Demetri Simms, better known by his stage name Meechy Darko, is an American rapper and songwriter from Brooklyn, New York. He is best known as a member of the hip hop trio Flatbush Zombies, with whom he began his rapping career with his longtime friends, Erick Arc Elliott and Zombie Juice in 2010. In 2022, he released his debut solo album Gothic Luxury.

Early life

Meechy Darko was born in Flatbush, New York, to a Jamaican family. He met his future bandmates Zombie Juice and Erick Arc Elliott at a very young age. Meech also was friends with the members of the rap group that would later be known as the Underachievers. They bonded while using LSD and Psilocybin mushrooms.

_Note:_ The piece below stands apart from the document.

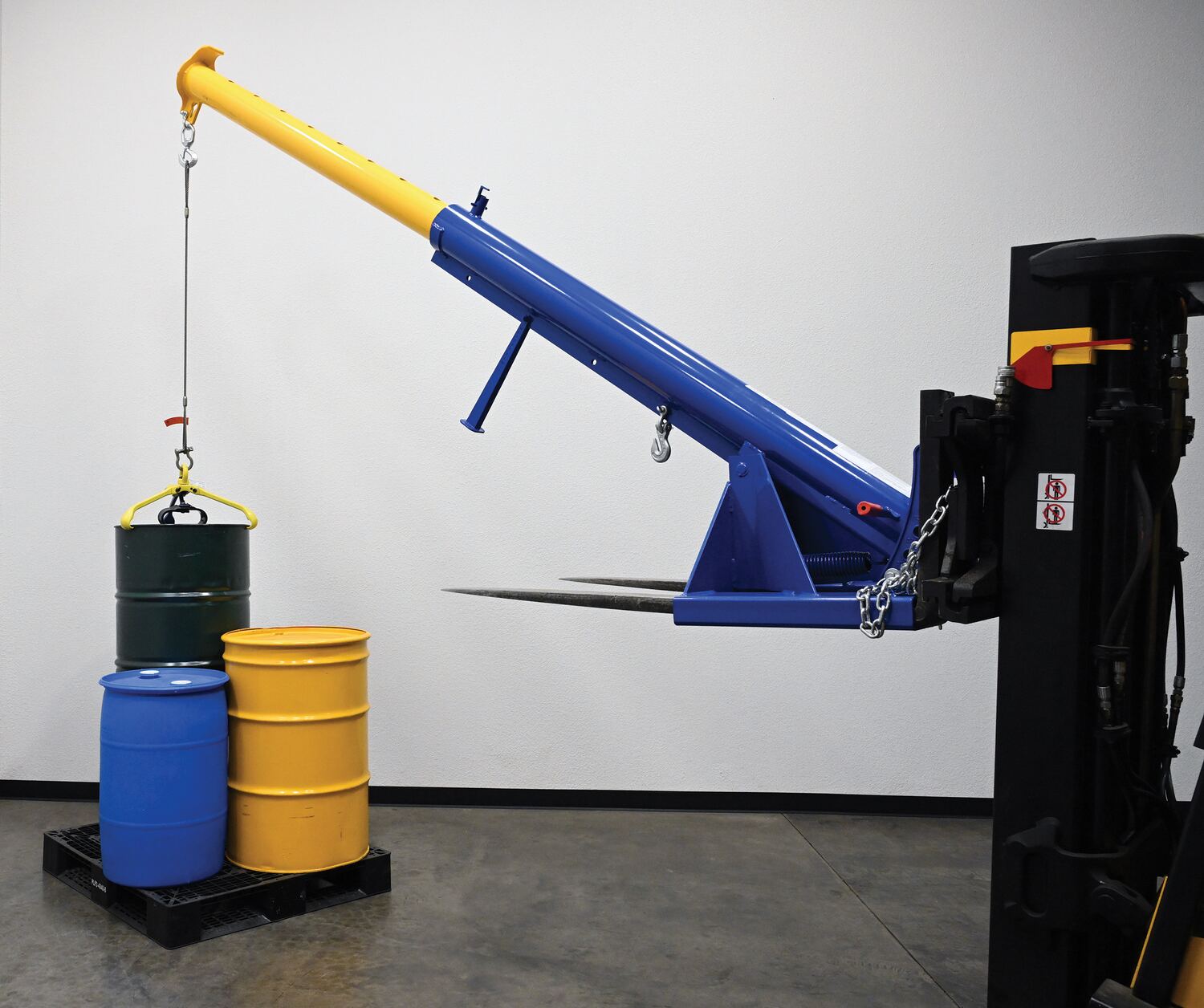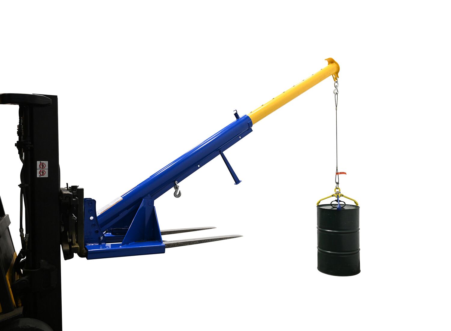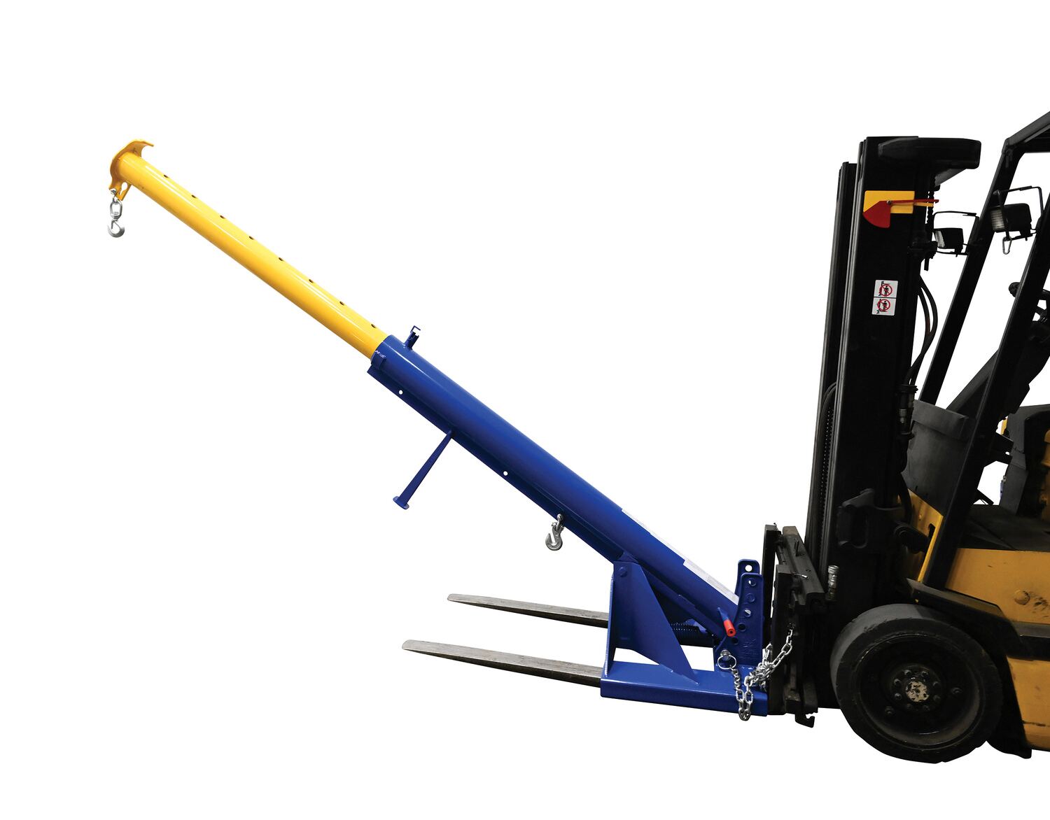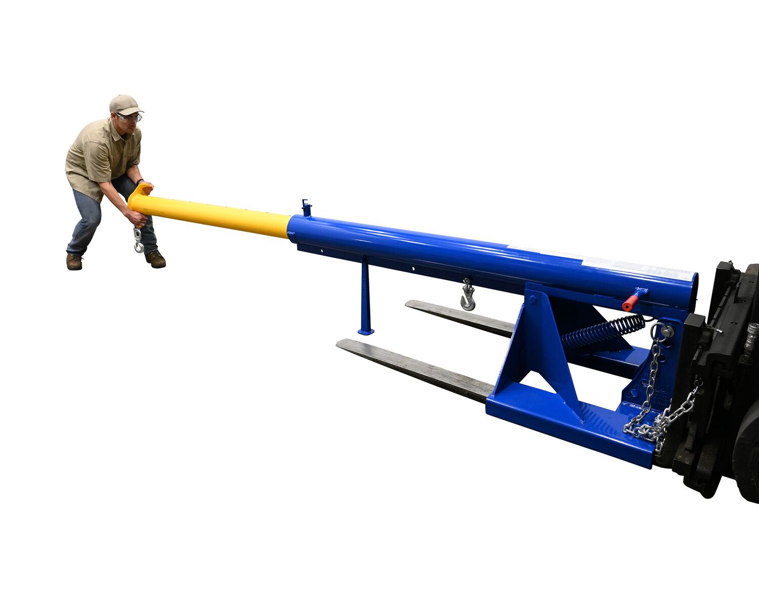 Steel Orbit Telescoping Lift Boom 24 In. Fork Pocket Center 4,000 Lb. Capacity BlueUnique performance, convenience, and safety features are built into every lift master boom. Fabricated from structural steel with welding to meet AWS creates a rugged and durable boom that will provide long term service. This unit features a locking detest. A safety restraint secures the boom to the fork truck for safe operation. Includes two (2) lifting hooks.

During one of these experiences with shrooms, Meech felt that he had experienced ego death.

Music career

Meech, Juice, and Erick went on to form Flatbush Zombies in 2010. In January 2012, they released a music video for their song "Thug Waffle". The video received many views and caught attention of fans and other rappers. They released multiple other rap videos for their first mixtape "D.R.U.G.S", which was released in July 2012. The group then released their second mixtape "BetterOffDEAD" on September 11, 2013, at 9:11 PM. "BetterOffDEAD" went on to receive positive reviews from critics. In 2014, Meech announced that every Friday they would put out a new song for multiple weeks. In 2015, Meech announced that Flatbush Zombies were working on their debut album. In October 2015, they were invited to perform at Jay Z's Tidal concert. In January 2016, they were invited to "Yams Day", a concert that was dedicated to deceased ASAP Mob member A$AP Yams. In the same month, Flatbush Zombies released "Glorious Thugs" to SoundCloud, and also announced that their debut album "3001: A Laced Odyssey" was to be released on March 11, 2016. They also planned a tour to go along with the album. On March 11, the album was released, and sold 28,000 copies in its first week, debuting at #10 on the Billboard Album Sales Charts. Their latest album, "Vacation In Hell", was released on April 6, 2018, and they have continued to work independently under Glorious Dead Recordings. They also created an album in 2019 with hip hop collective Beast Coast called "Escape From New York".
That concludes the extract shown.